Exercise #6 Lateral Band Walking
The hips and gluts play a huge part in propelling you up a mountain as well as keeping your knees safe on the descents. This exercise will strengthen the hips and gluts. Place the stretchy band (you can get one at Perform Better) at your lower ankle. Keeping tension on the band begin to walk sideways. Keep your toes slightly toed in and maintain tension on the band while you move. Go 30 seconds in one direction then 30 seconds in the other direction.
Exercise #7 Front/Back Lunge over bench (add one weight in one hand)

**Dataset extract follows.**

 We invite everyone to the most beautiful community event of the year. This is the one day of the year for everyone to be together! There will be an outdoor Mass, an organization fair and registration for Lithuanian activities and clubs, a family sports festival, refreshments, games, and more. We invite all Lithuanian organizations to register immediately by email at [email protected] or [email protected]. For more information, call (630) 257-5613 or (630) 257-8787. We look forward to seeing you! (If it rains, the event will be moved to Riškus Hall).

What I love about this lunge is that you have a little extra height from the bench going forwards into your lunge, than just lunging on the ground can provide. This is great training for the downhill aspect of backpacking. Begin with one foot on the bench. Keeping that foot on the bench, step the other foot over the bench and into a lunge. As soon as you land in your lunge, press yourself back and all the way over the bench so that you are in a lunge position. As soon as you are in THAT lunge press yourself up and over the bench so you are in the front lunge position. Lunge back and forth this way trying not to tap down in the center for greater challenge on your balance. Holding a weight in one hand will also increase core engagement. Make sure that your knees are pointing in the same direction as your toes and that the knee does not extend past the tip of the toes on the forward lunge position. It is also VERY important to flex the abs as you push yourself backwards over the bench so that your body is moving as one solid unit and you do not strain your low back.

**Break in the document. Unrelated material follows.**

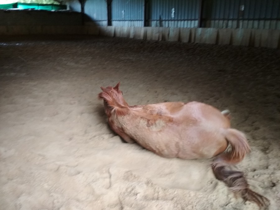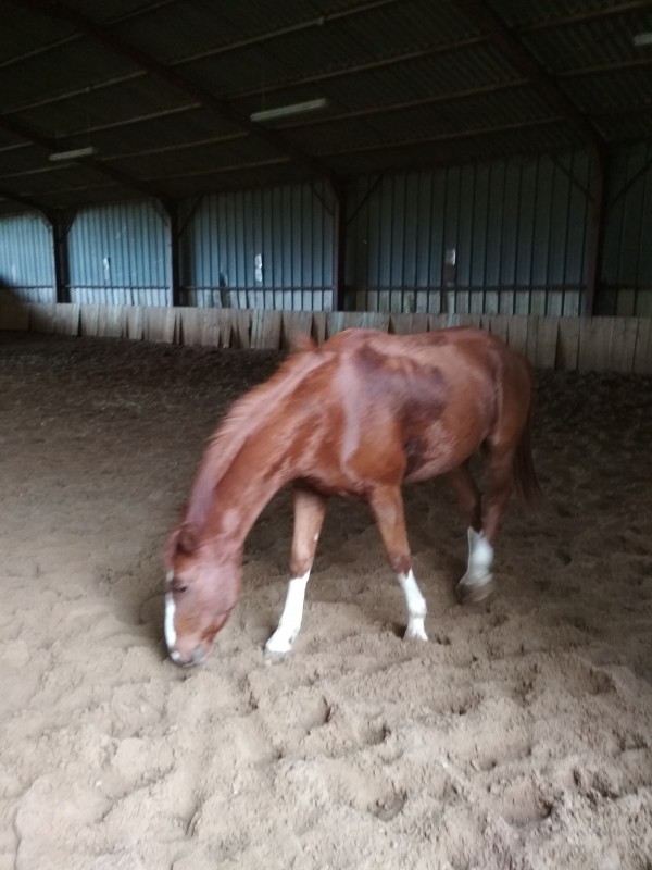 Et puis je sais pas, il s'est mis à monter en pression quand on a changé de main, il se durcit, il se remet à faire la girafe, j'arrive pas à le décontracter... J'ai essayé de reprendre à l'autre main, de souffler au pas et de reprendre, de repasser au pas à chaque fois que j'avais un cercle à peu près correct... Mais non, j'ai jamais réussi à retrouver La décontraction de mon début de séance, et il est resté braqué jusqu'à la fin. On a galopé un peu. Départs hyper mauvais où il se jette en avant (au moins il était sur le bon pied, c'est déjà ça...), il se durcit à mort, du coup je suis pas du tout bien dessus et c'est le cercle vicieux.

Exercise #8 Single Leg Eccentric Calf Raises
I often forget this exercise, but it is a great exercise for prevention of lower leg injuries and will help you be stronger at both uphill and downhill hiking. Place your feet at hip distance and position yourself on an edge somewhere you have access to something to hold for balance. Use both legs to lift up and then shift all your weight to one side and slowly lower down on only one leg. Lower below the edge of the ledge. Lift up again using both feet, and lower down again on only one side. Repeat each side. :30-1:00 on each leg. If you have NOT worked these before only complete 1 set the first time you do this, and then increase the next time.

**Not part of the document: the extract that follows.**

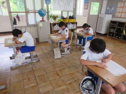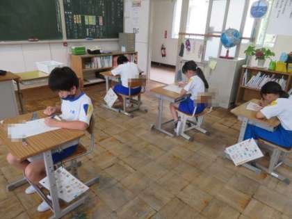 6/21 4年生 公開日 2023/06/21 更新日 2023/06/21 各学年から 4年生 算数科の授業の様子です。 今日は確認テストをしていました。「大きな数」の問題を解いていました。「10こ集まると、0が一つ増えて、読み方が変わる」という仕組みを思い出しながら、「1億を超える数」の問題に取り組んでいました。学習してきたことがしっかりと身に付いている様子で、みんな落ち着いてテストを解いていました。

Exercise #9 Vertical Abs Wall Reach and Balance
When people think about training their core, they often think planks and crunches. If you have ever carried a heavy backpack, you know that the force of that pack wants to pull you backwards and that it is your abs that are working so that you don’t topple over. This vertical core drill helps prep your body for the challenge of stabilizing your heavy pack in space. Begin closer to the wall than what is shown here. As you ensure that this feels ok on your low back you can move further away. Balance on one leg by bringing one leg up towards your chest. From here reach both arms up and slowly start to lift up and tilt back trying to tap the wall behind you. Allow your lifted leg to stretch out straight. Be sure that you are not collapsing into the low back, but are lifting up and out of the low back as well as lengthening from the front of the hip of the grounded leg. Return to the starting position and repeat.